Five hundred and four years ago.  Over all that time, it seems to me that we’ve mostly thought of the Reformation as something historical, which it is, and something which happened a long long time ago, and it did.  We’ve also pictured it as something like us against the Roman Catholic Church, and that’s not so fully accurate.

That’s what I want us to look at today, because while history is important, it’s all too easy to think that when we know dates and actions, we know everything there is to know.  But the Reformation wasn’t really about one day in October; it was about re-thinking everything about what it meant (and means) to be a Christian.

It was the opening of a centuries-long conversation about whether there is one right way to be what we are.

And while the conversation over the centuries has looked like it was Protestant versus Catholic, I think if we look more closely, we’ll see that however true that was in the sixteenth century, in the twenty-first, it is much more clearly a conversation between those who are committed to one right way, and those who believe there is more than one right way.

The question then, the question now, is how can we hold together our human desire for similarity with our human recognition of the need for diversity?  

This isn’t just about relations between the various flavors of Christianity.  We can see the same questions in our internal conversations here in the church; we can see it happening in our homes, in our families.  How do we balance things out?

First, though, let’s look again at the Scripture readings for today.  We opened with the wonderful story of Naomi and Ruth…. and Orpah.  Orpah went home and was not condemned. Ruth stayed with Naomi, and has been praised for that – but let’s not forget that Orpah returned to her family.  There was more than one right answer to the dilemma of staying or going.  Ruth’s choice brought her into the continuing story and she is known as King David’s great-grandmother.

There are many things to be taken from the story of Ruth, and the first of them is that there is more than one right way.
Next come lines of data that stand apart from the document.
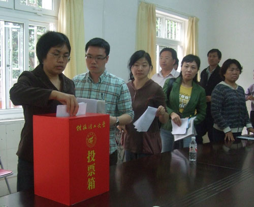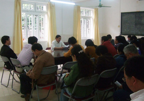 随后,学院党委书记卢英、院长刘康怀、党委副书记周章明、副院长曾鸿鹄、朱义年、方荣杰分别就任职以来自己分管的工作向全院教职工进行了述职汇报。工作人员向我院教职工发放了“桂林理工学中层领导班子任期测评表”和“桂林理工学中层领导岗位人选推荐表”。与会人员对我院领导干部进行了任期测评,对相关领导岗位干部人选进行了民主推荐,并现场进行了无记名投票。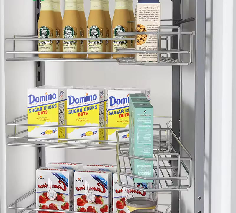 Khi mở cánh, toàn bộ rổ chứa sẽ trượt ra ngoài theo liên kết, giúp bạn dễ dàng quan sát và lấy đồ phía sâu bên trong. Cơ chế này tiết kiệm thời gian và hạn chế việc phải với tay sâu vào khoang tủ, đặc biệt hữu ích với gia đình thường xuyên nấu nướng.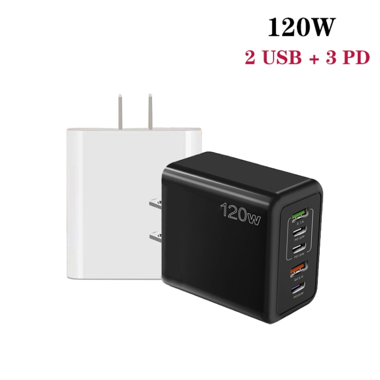 120W 3 PD Type-C Dual USB Multi Port Quick Charger for Mobile Phones, US Plug
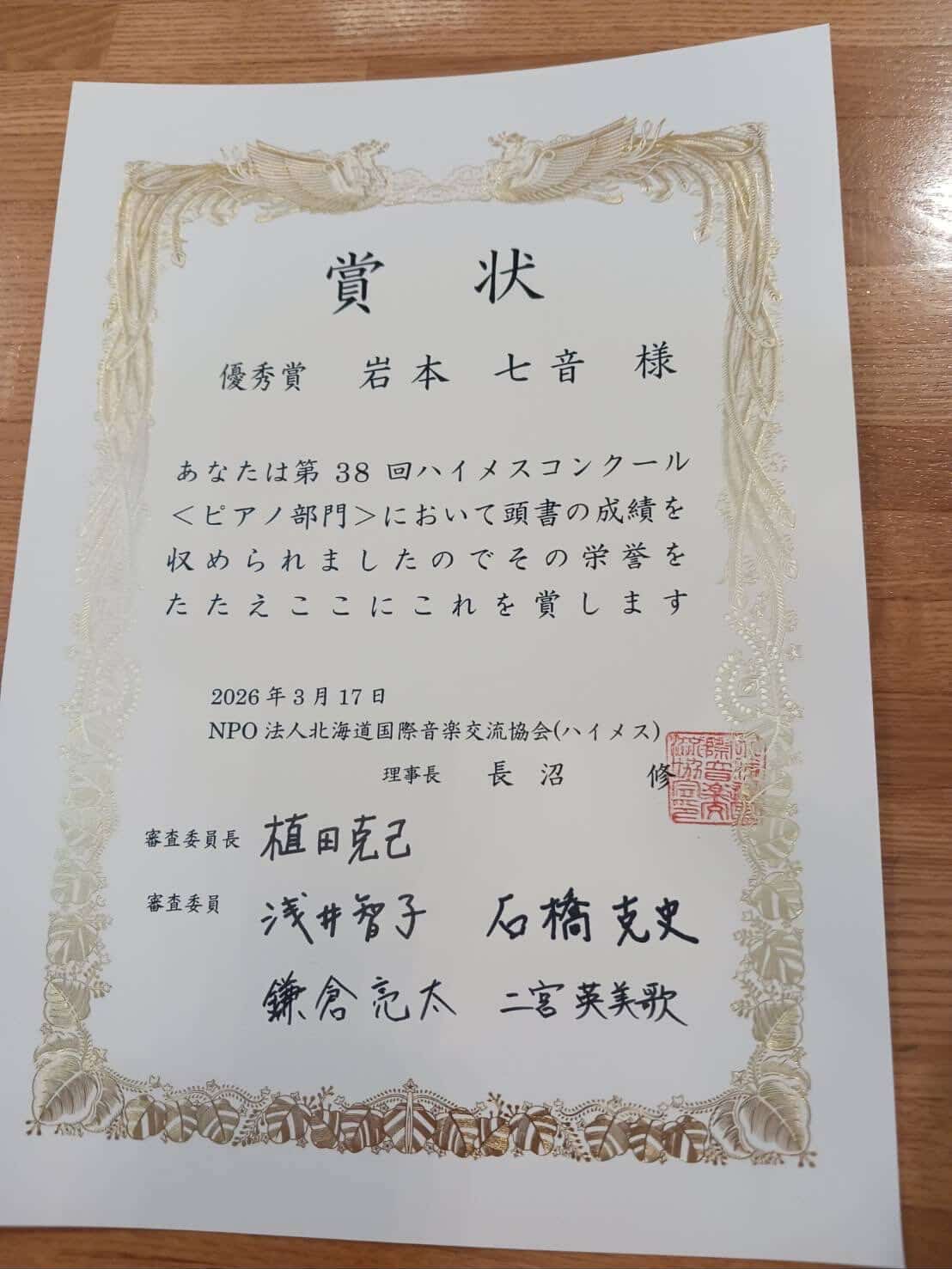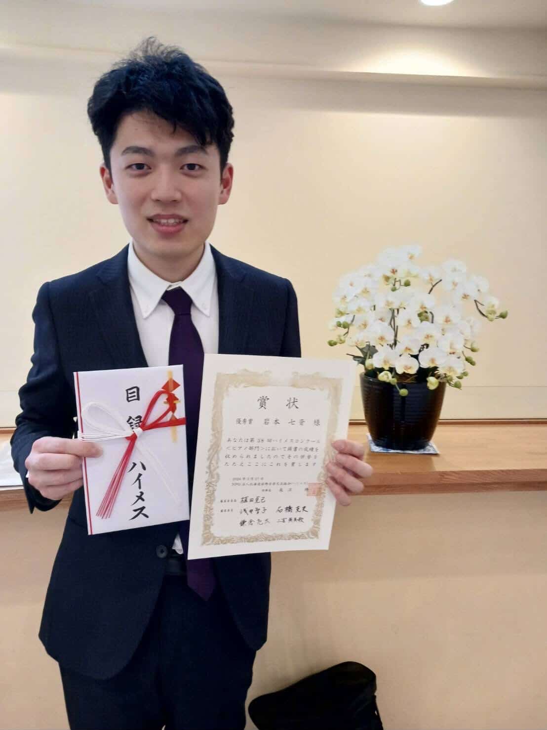 本学商学部商学科3年岩本七音さんが、第38回「ハイメスコンクール<ピアノ部門>」において優秀賞を受賞しました。

The lesson from Mark takes us in another direction.  It tells us upon what foundation we can build our unity.  If there’s more than one right way to live out our lives, how can we hold together?  A scribe (think: bureaucrat, niggler, one of those fill-in=all-the-boxes folks) …a scribe thinks to nail Jesus by asking him which commandment is most important.  And Jesus’ answer names our truth:  the most important thing, he says is to love God, and right next to that is the call to love your neighbor.

There you go.  Love God; love your neighbor.  Let Jesus’ call to center on those things help you to sift out the important from the extra added stuff.  Church being what it is, you’ll be glad to know we have a special, obscure name for extra added stuff…. it’s adiaphora, which is Greek for something that doesn’t matter.  

Following Jesus is important; whether the pastor or anyone else wears a pulpit robe is adiaphora.

Feeding the hungry is an obligation; whether we give them food, or money to go to a restaurant, or groceries, is adiaphora… not because we don’t care how they’re fed, but because feeding is feeding.  One church has a free meal in their hall – great.  We got folks lunch from local restaurants – also great.  Neither way is better than the other.

The question is, is it important in the eyes of God?  Years ago, I pastored a church that was redecorating their reception room.  And, of course, we were of two camps when it came to the carpet.  Would it be a lovely soft gray with flecks of maroon?  Or a lovely maroon with flecks of gray?  Would we match the wall color or contrast it?  As I remember, we chose the gray to make the room seem bigger… but whichever we chose, I am absolutely certain God did not care, not one bit.  What God cared about was that that church welcomed the stranger to the newly decorated room.  and that when the teen-ager tripped and fell, and dropped a full platter of ham slices on the new carpet…. we didn’t up and throw him out.  Carpets are adiaphora.

We love God; God cares that because we love God, we love our neighbor.  

God calls us to center our ministries upon that foundation – love of God, love of neighbor.  And to put the rest – all the details in proper perspective.